__RECORDS SHOWN__:
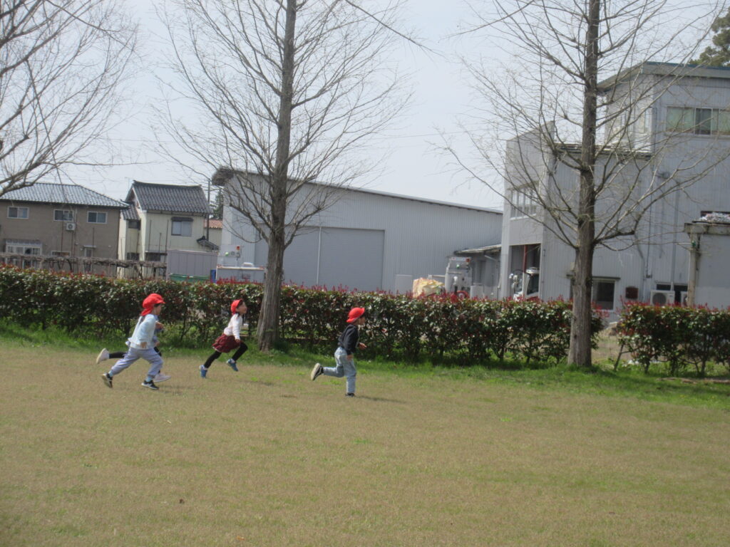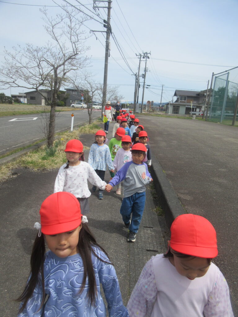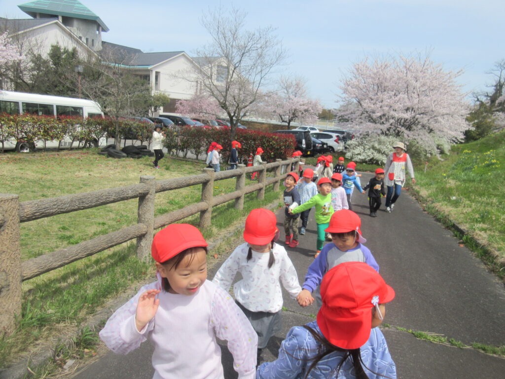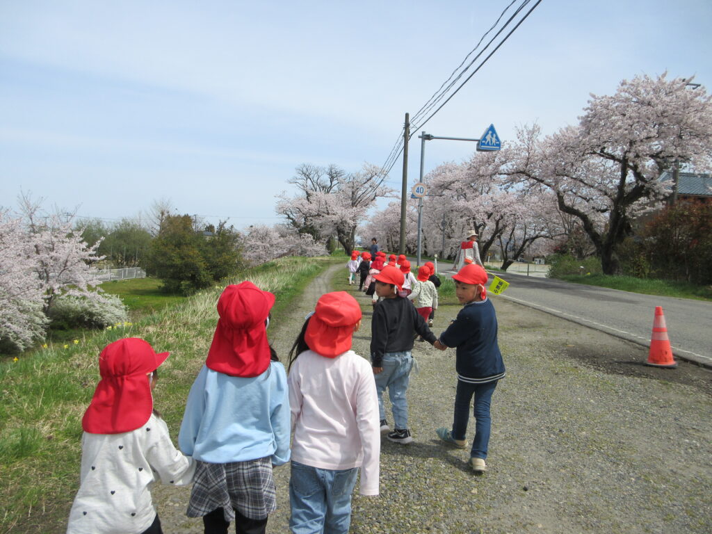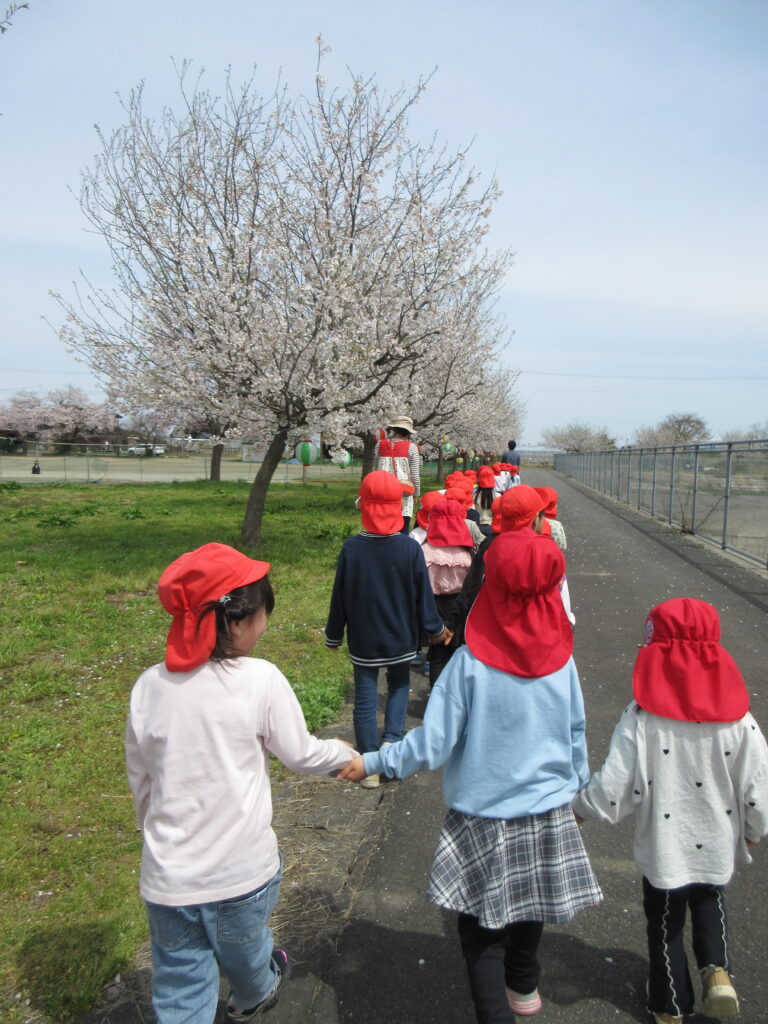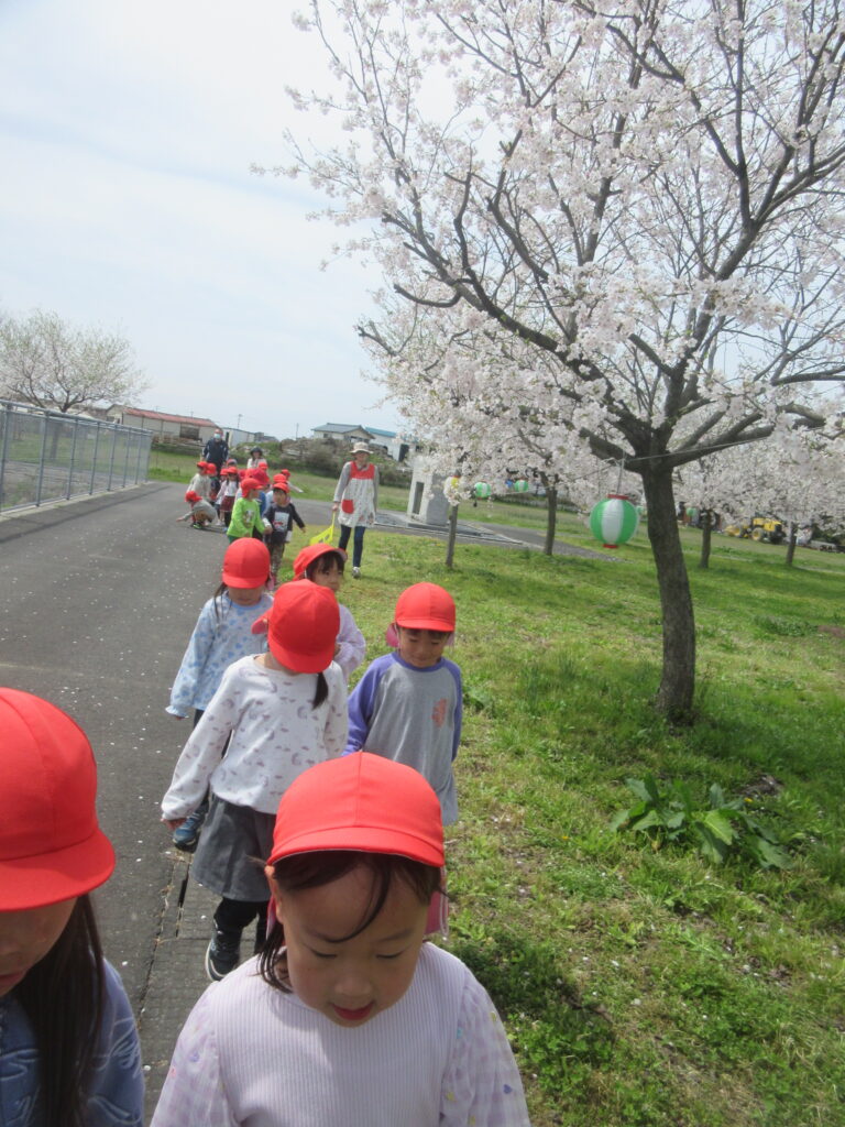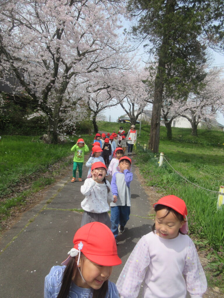 お花見をしながら小学校の周りをぐるっと散歩、たくさん歩いて疲れた帰りは給食が待ち遠しい様子でした。
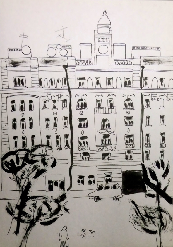 У Шереметьевского дворца. Рисунок Нади Дёмкиной. Линер, бумага
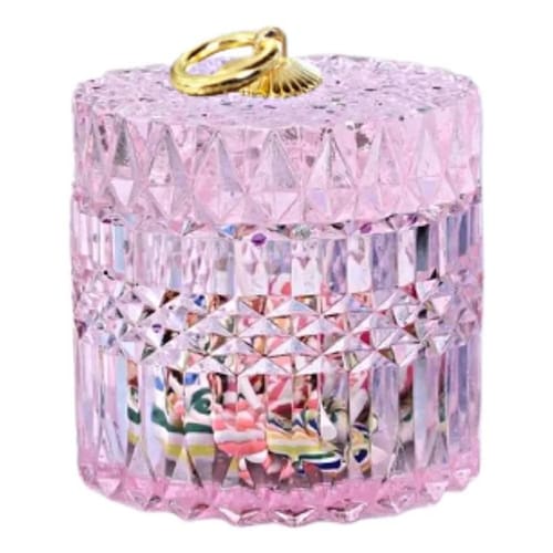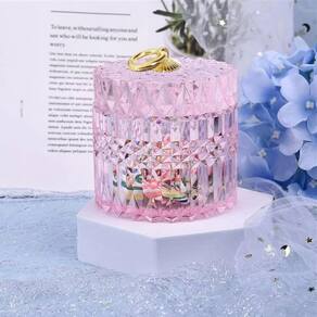Porta algodão cotonete vidro rosa potiche tampa 10x10 Confeccionado em vidro lapidado na cor ambar, o porta algodão/cotonete com tampa esbanja elegância.
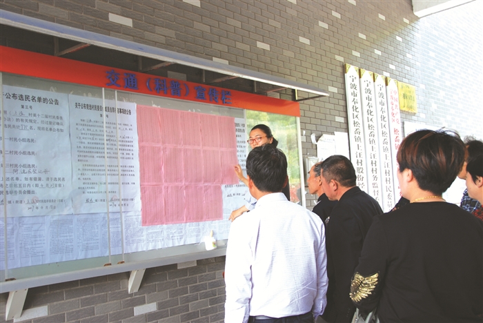 图为上汪村449户975名选民名单正向村民张榜公布。 通讯员 李贤君
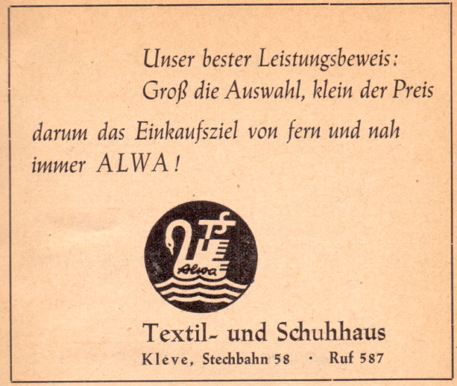 Man sollte meinen, jeder wüsste jetzt, worum es eigentlich geht. Aber wohl weit gefehlt. Obwohl diese Werbung von 1950 davon spricht, das das Textil- und Schuhhaus ALWA das Einkaufsziel für fern und nah sei – keiner hat es so wirklich mitbekommen.
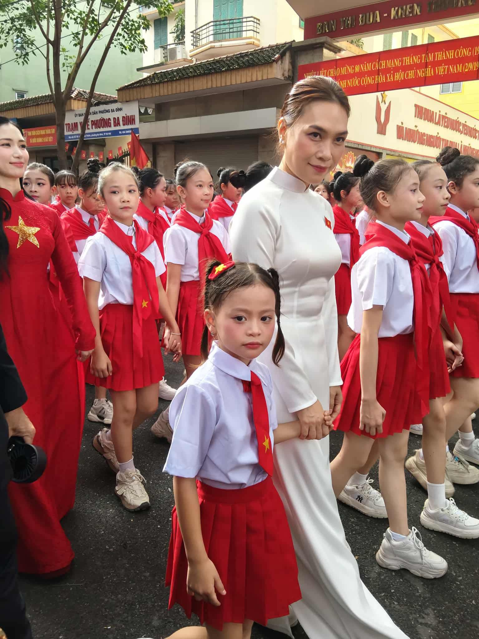 Ha Van Bao, 32, Thuy Tien's father, said that when he received the news that his daughter would perform at the 80th National Day celebration at Ba Dinh Square, he and his family were overjoyed but also worried about the significant task ahead for her. The program's choreographer rigorously selected young singers from numerous clubs, hoping to find a bright face with an innocent voice appropriate for her age.

__WHAT IS REQUIRED__:
Repeat verbatim the range of lines that opens at the line containing "У Шереметьевского дворца." and closes at the last line of the entries, excluding all pictures.

__TASK SOLUTION__:
 У Шереметьевского дворца. Рисунок Нади Дёмкиной. Линер, бумага
Porta algodão cotonete vidro rosa potiche tampa 10x10 Confeccionado em vidro lapidado na cor ambar, o porta algodão/cotonete com tampa esbanja elegância.
 图为上汪村449户975名选民名单正向村民张榜公布。 通讯员 李贤君
 Man sollte meinen, jeder wüsste jetzt, worum es eigentlich geht. Aber wohl weit gefehlt. Obwohl diese Werbung von 1950 davon spricht, das das Textil- und Schuhhaus ALWA das Einkaufsziel für fern und nah sei – keiner hat es so wirklich mitbekommen.
 Ha Van Bao, 32, Thuy Tien's father, said that when he received the news that his daughter would perform at the 80th National Day celebration at Ba Dinh Square, he and his family were overjoyed but also worried about the significant task ahead for her. The program's choreographer rigorously selected young singers from numerous clubs, hoping to find a bright face with an innocent voice appropriate for her age.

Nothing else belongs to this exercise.